Starting at the line that contains "Floating island style armrest box", copy every line to the end of the material below exactly, and omit the pictures.

------------------------------------------------------------

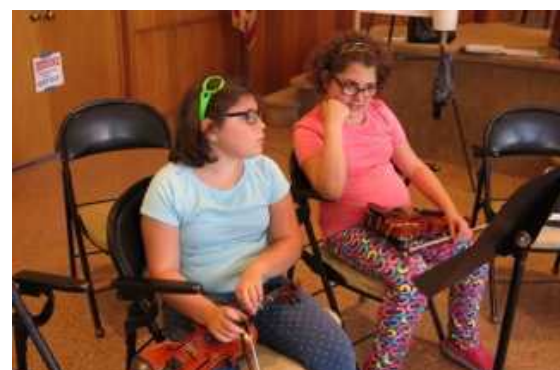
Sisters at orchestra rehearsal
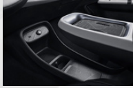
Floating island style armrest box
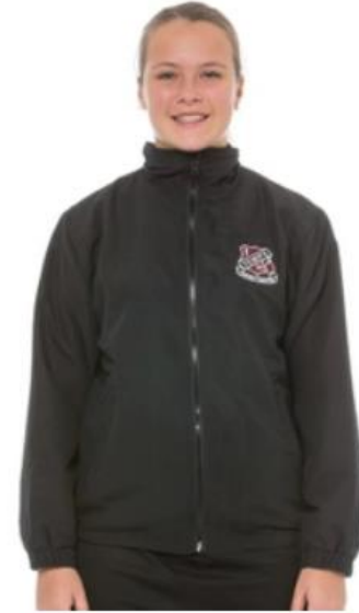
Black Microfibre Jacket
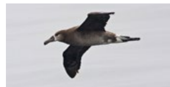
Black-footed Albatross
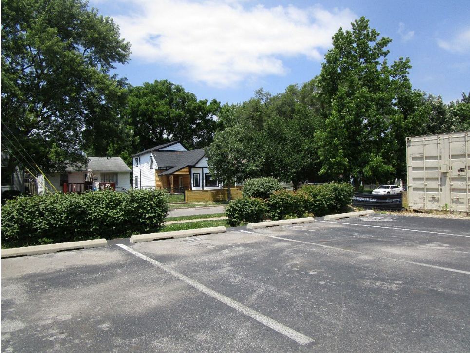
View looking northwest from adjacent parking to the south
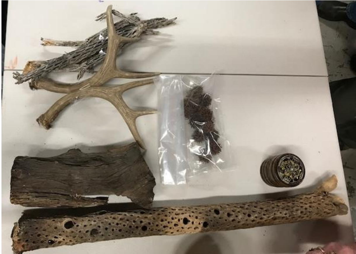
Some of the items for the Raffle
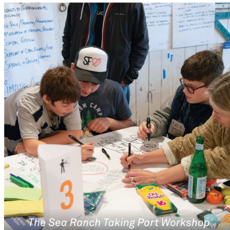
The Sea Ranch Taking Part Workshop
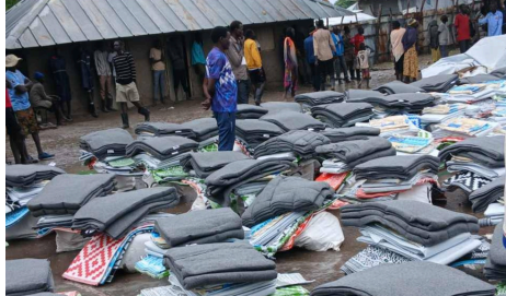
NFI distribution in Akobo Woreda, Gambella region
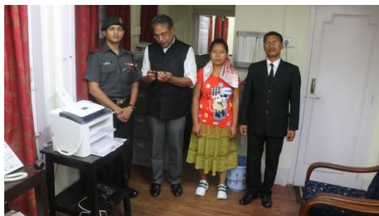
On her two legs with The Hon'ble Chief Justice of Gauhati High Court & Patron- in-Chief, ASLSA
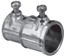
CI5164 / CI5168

------------------------------------------------------------

# Solution for this task
Floating island style armrest box
Black Microfibre Jacket
Black-footed Albatross
View looking northwest from adjacent parking to the south
Some of the items for the Raffle
The Sea Ranch Taking Part Workshop
NFI distribution in Akobo Woreda, Gambella region
On her two legs with The Hon'ble Chief Justice of Gauhati High Court & Patron- in-Chief, ASLSA
CI5164 / CI5168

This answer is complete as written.